[[ Supplied material, beginning ]]
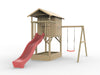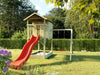 Palafitta 'TREE' con sabbiera, altalena singola e scivolo rossa, 316x237x298 cm (LxPxA)
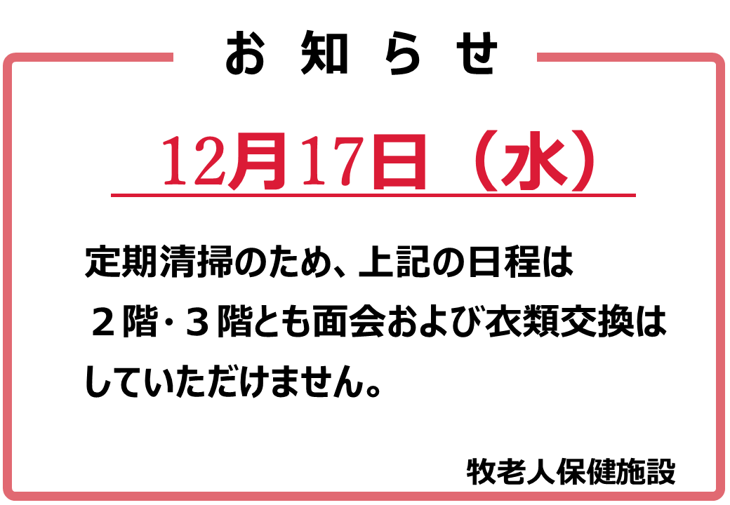 入所者様ご家族様へのお知らせ(12月 定期清掃日:面会・衣類交換なし)
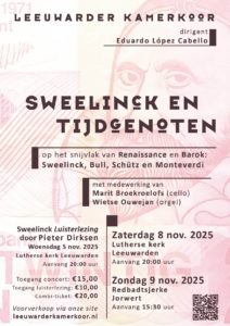 Het Leeuwarder Kamerkoor brengt een hommage aan de grootste componist die Nederland heeft voortgebracht: Jan Pieterszoon Sweelinck. Met twee concerten en een luisterlezing!
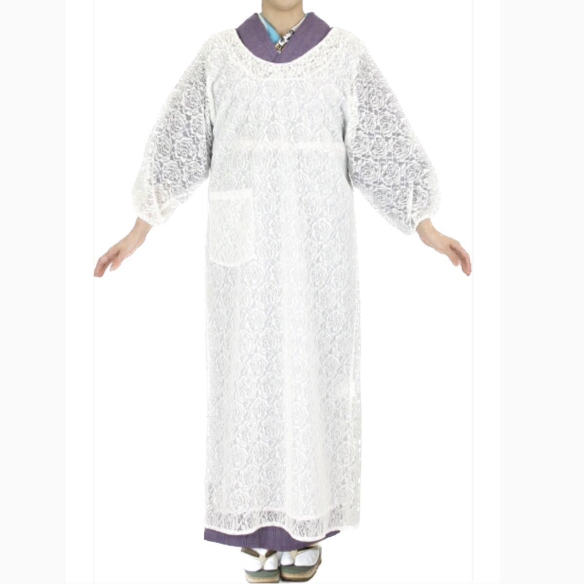 和装用 割烹着 ロング丈 着物用割烹着 着物用 割烹着 和装用 和装割烹着 女性用 女用 エプロン お茶席 120 ロング 120cm 白 レース 夏用
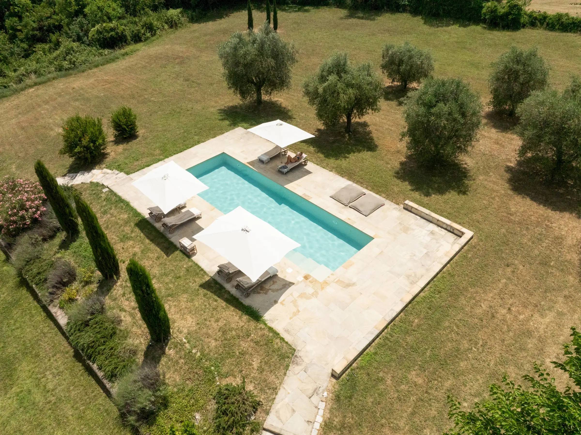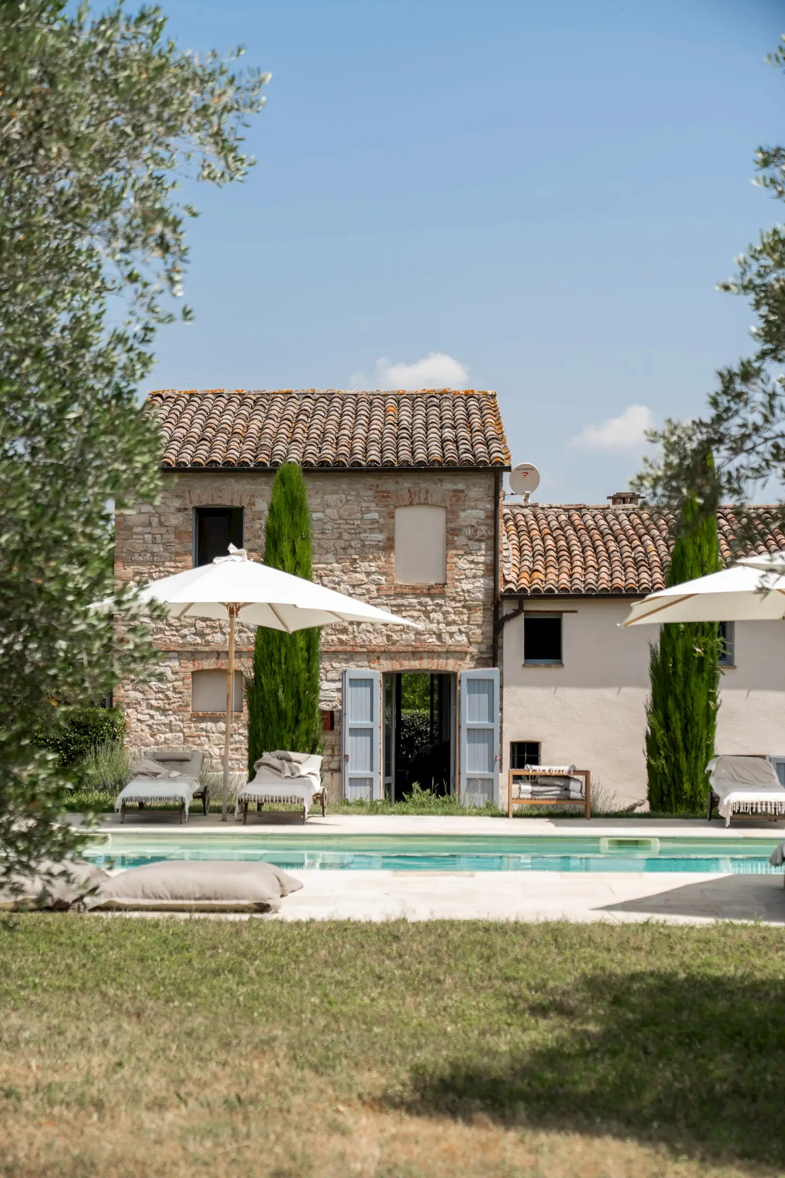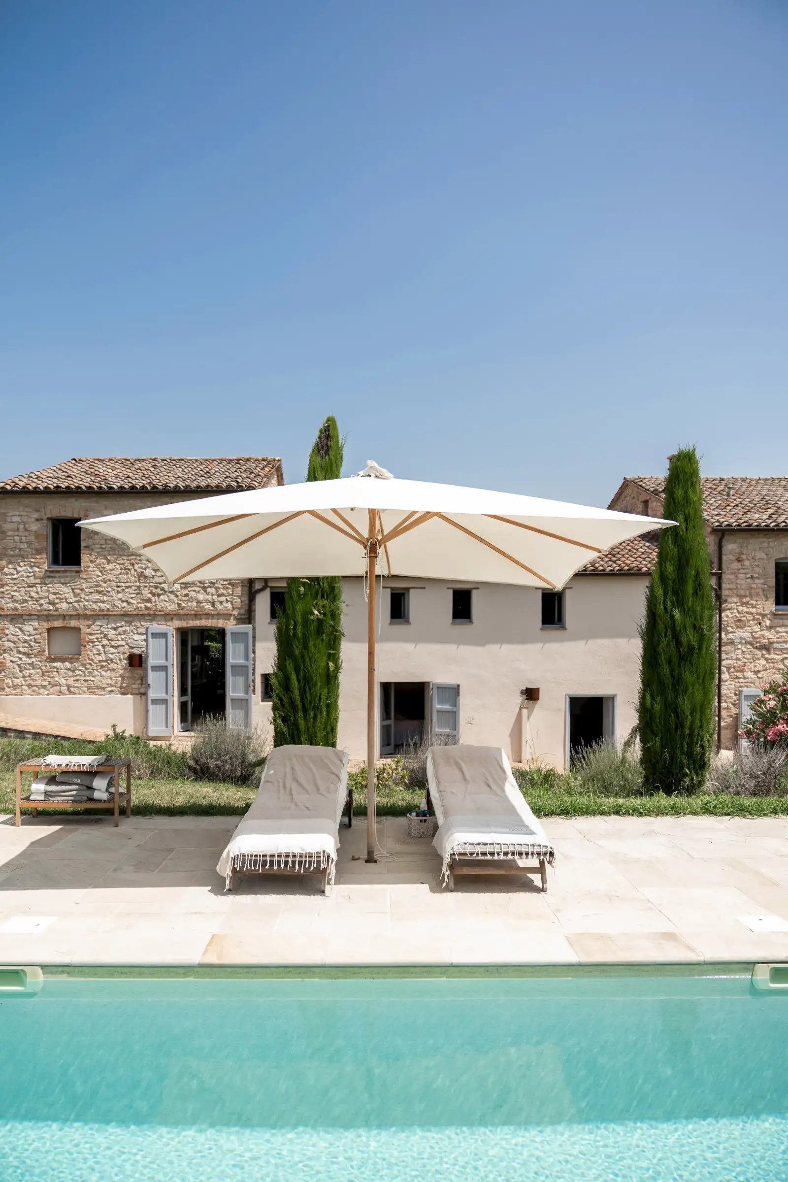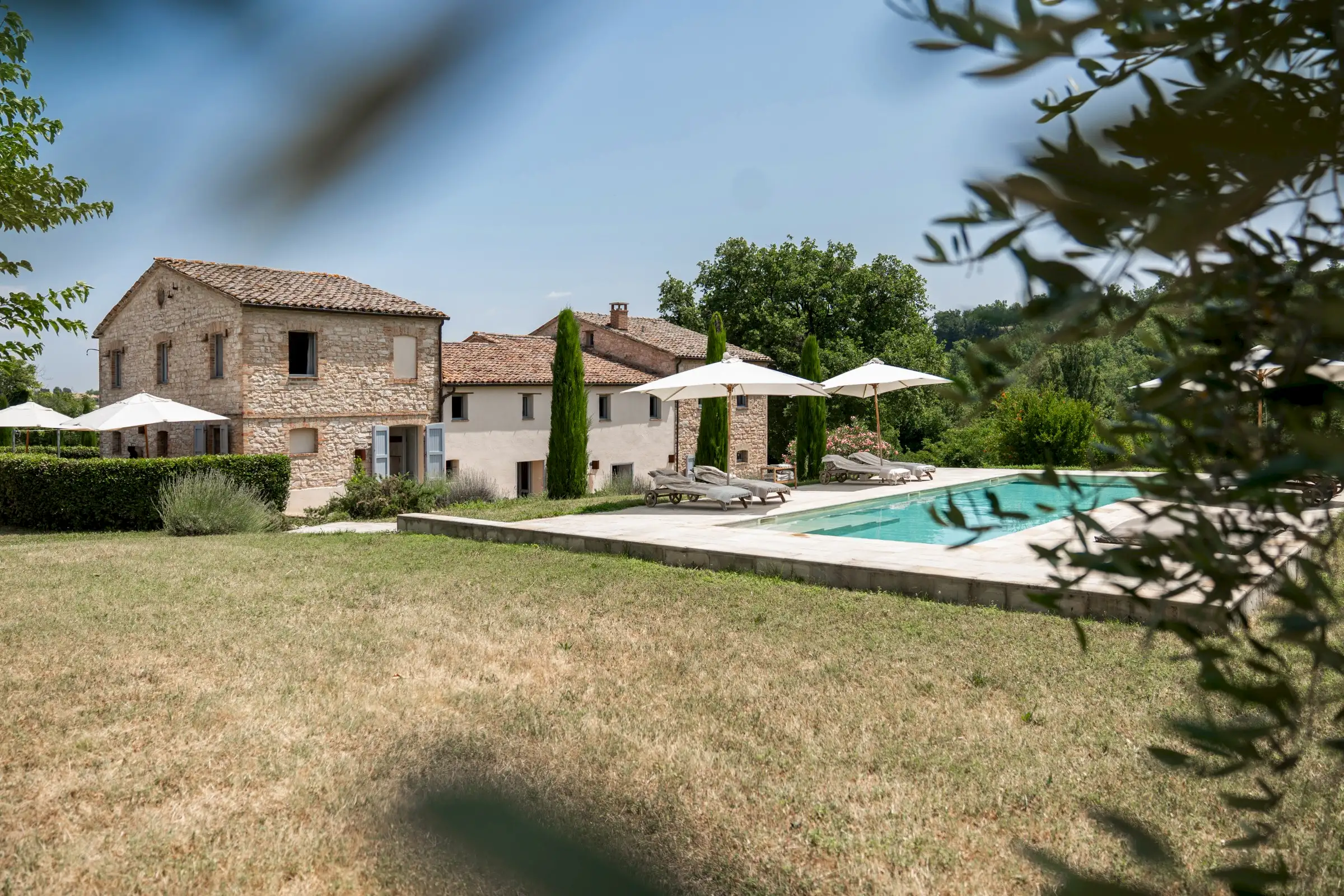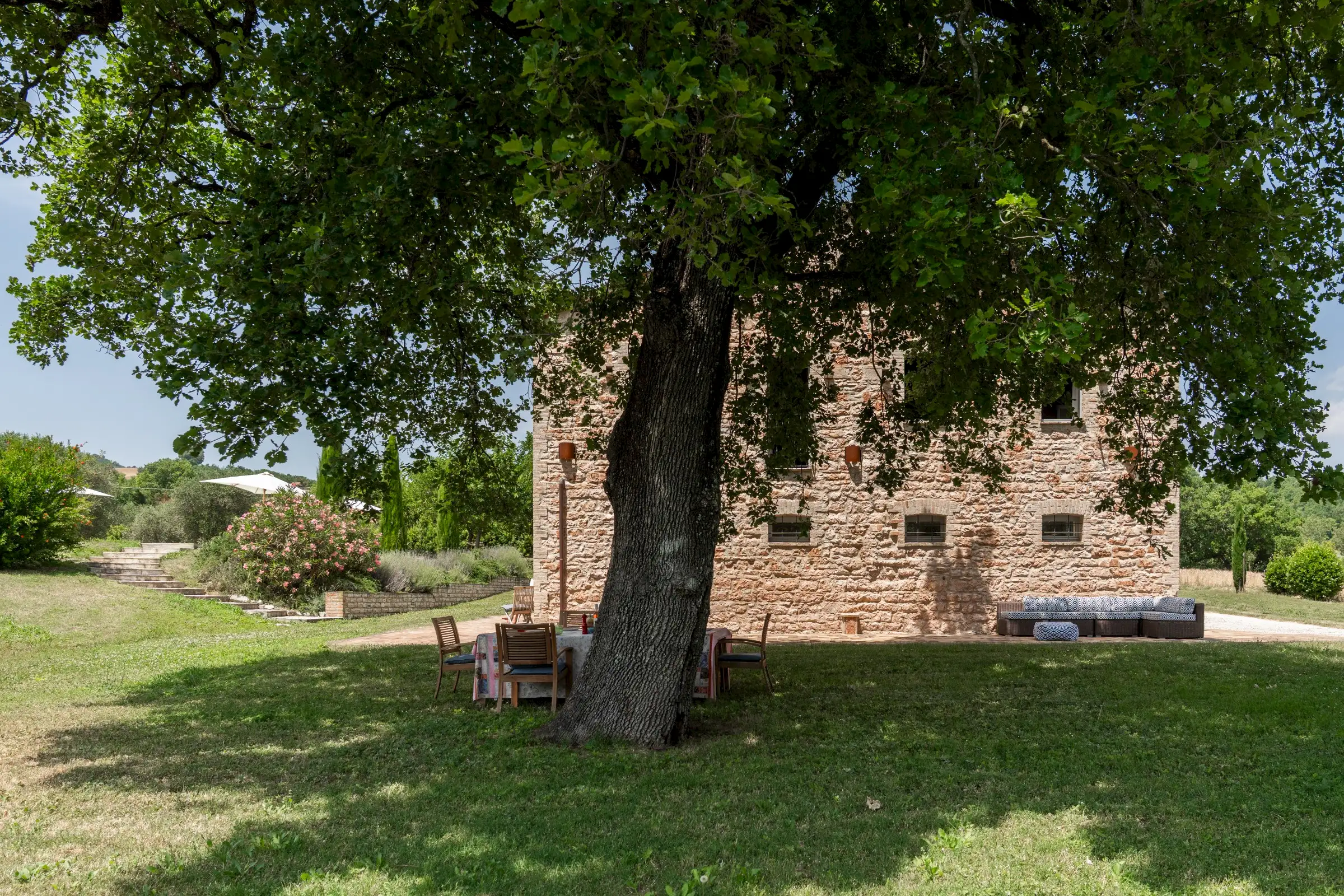 Casa Connelle is a delightful country house that exudes an easy charm. The central part of the building is painted a creamy white and sits between two taller ends of local stone. Approached by an avenue of trees, the house offers peaceful views in every direction over the olive groves and wooded hills of the Marche countryside.
[[ Supplied material, end ]]
■ Assignment: All the lines above are to be given again exactly as they read, with the pictures removed.

■ Solution below:
 Palafitta 'TREE' con sabbiera, altalena singola e scivolo rossa, 316x237x298 cm (LxPxA)
 入所者様ご家族様へのお知らせ(12月 定期清掃日:面会・衣類交換なし)
 Het Leeuwarder Kamerkoor brengt een hommage aan de grootste componist die Nederland heeft voortgebracht: Jan Pieterszoon Sweelinck. Met twee concerten en een luisterlezing!
 和装用 割烹着 ロング丈 着物用割烹着 着物用 割烹着 和装用 和装割烹着 女性用 女用 エプロン お茶席 120 ロング 120cm 白 レース 夏用
 Casa Connelle is a delightful country house that exudes an easy charm. The central part of the building is painted a creamy white and sits between two taller ends of local stone. Approached by an avenue of trees, the house offers peaceful views in every direction over the olive groves and wooded hills of the Marche countryside.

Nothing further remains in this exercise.